2. The morphology-based rapid land cover classification and optimization method according to claim 1, characterized in that, In step one, the categorical data for each category contains only the value of the current category and the background value.
3. The method for rapid land cover classification and optimization based on morphology according to claim 1, characterized in that, Step two is as follows: First, locate all independently distributed category regions in the data; Create a flag table with the same size as the classification data to record the traversal of pixels of each category in the data; Establish a pixel traversal order queue to record the positions of the pixels that need to be traversed; Starting from the top left pixel, traverse the array. For each pixel traversed, mark it as 1 at the same position in the corresponding flag bit table. Repeatedly traverse the current category data until all values in the flag table are 1; Record the positions of all inserted pixels in the ordered queue during the traversal process, and count the number of pixels. Areas with fewer than a set threshold T are identified as fragmented areas and recorded in the fragmented area list.
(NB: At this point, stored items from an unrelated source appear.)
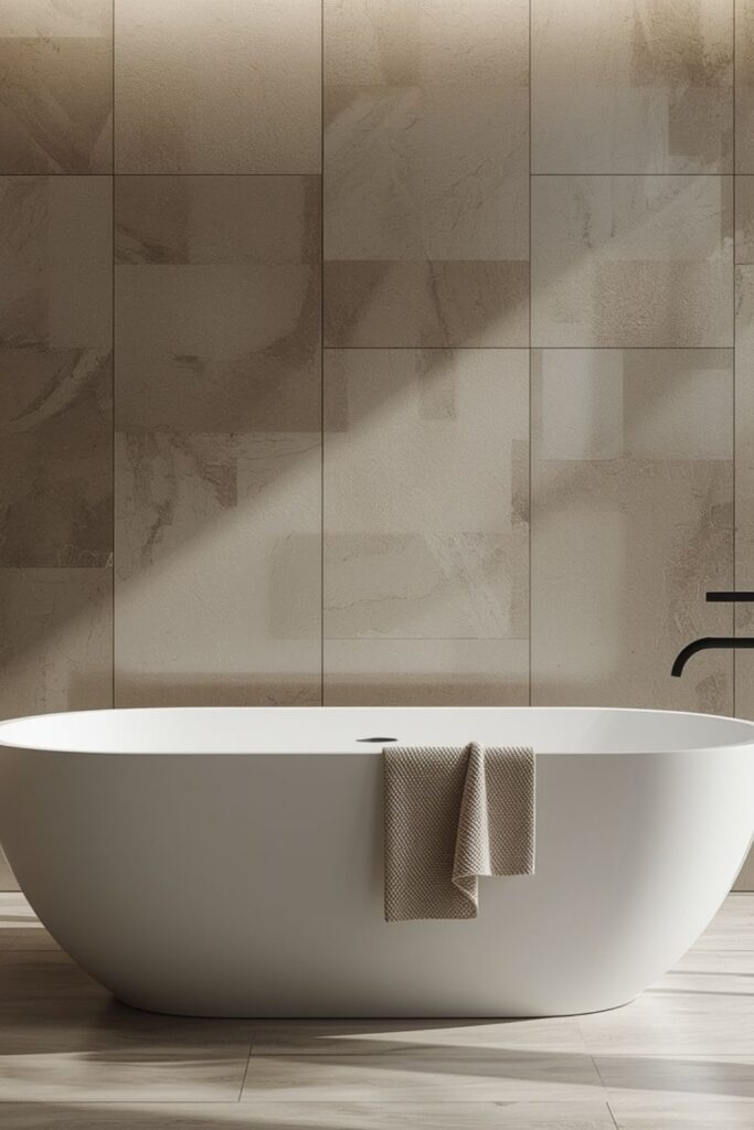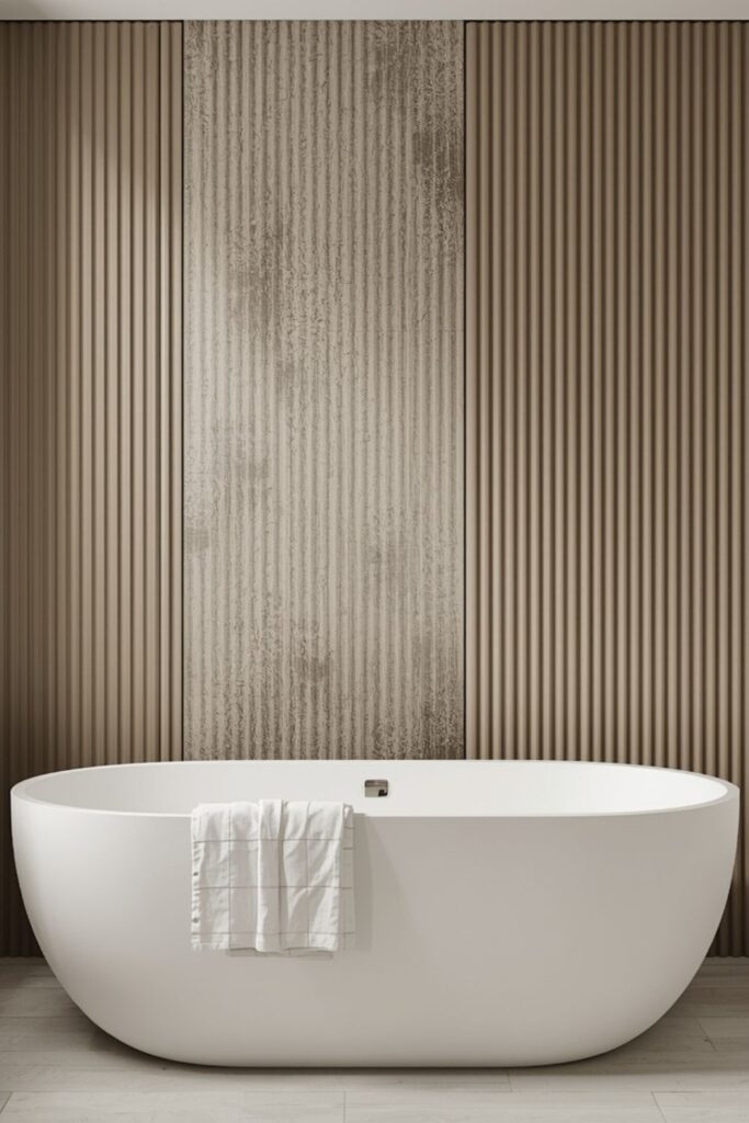 Instead of overwhelming the bathroom with patterns, use texture strategically. Fluted panels, stone cladding, or subtle mosaic tiles can create a refined feature wall behind the vanity or bathtub.
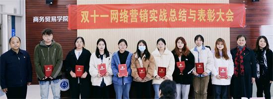 2021年12月21日下午,商贸学院举办双十一网络营销实训总结表彰大会,合作企业博西家电电器(中国)有限公司电商导购总监周丽娟、能力发展经理笪敏敏、以及两位培训师亲临会场,学校党委常委、纪委书记、省派驻监察专员于林惠、学院党政班子成员以及电商专业骨干教师和全体参训同学共同出席会议,校企双方对实训进行了总结,并对43名优秀学员给予了表彰。
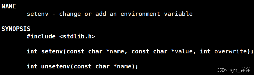 原型:int setenv(const char *name, const char *value, int overwrite);

4. The morphology-based rapid land cover classification and optimization method according to claim 3, characterized in that, In step two, during the traversal process, the first pixel in the ordered queue is extracted and traversed first.
5. The morphology-based rapid land cover classification and optimization method according to claim 3, characterized in that, In step two, during the traversal process, if the order queue is empty, the first category pixel that has not been marked in the flag table is found by traversing according to the set spatial order. Search within the 8-neighborhood of the pixel of this category, add the unmarked pixels of this category in the neighborhood to the order queue, and mark them in the flag table.
6. The morphology-based rapid land cover classification and optimization method according to claim 3, characterized in that, In step two, during the traversal process, The positive X-axis is the primary direction of movement, and the positive Y-axis is the secondary direction; or The positive Y-axis is the primary direction of movement, and the positive X-axis is the secondary direction of movement.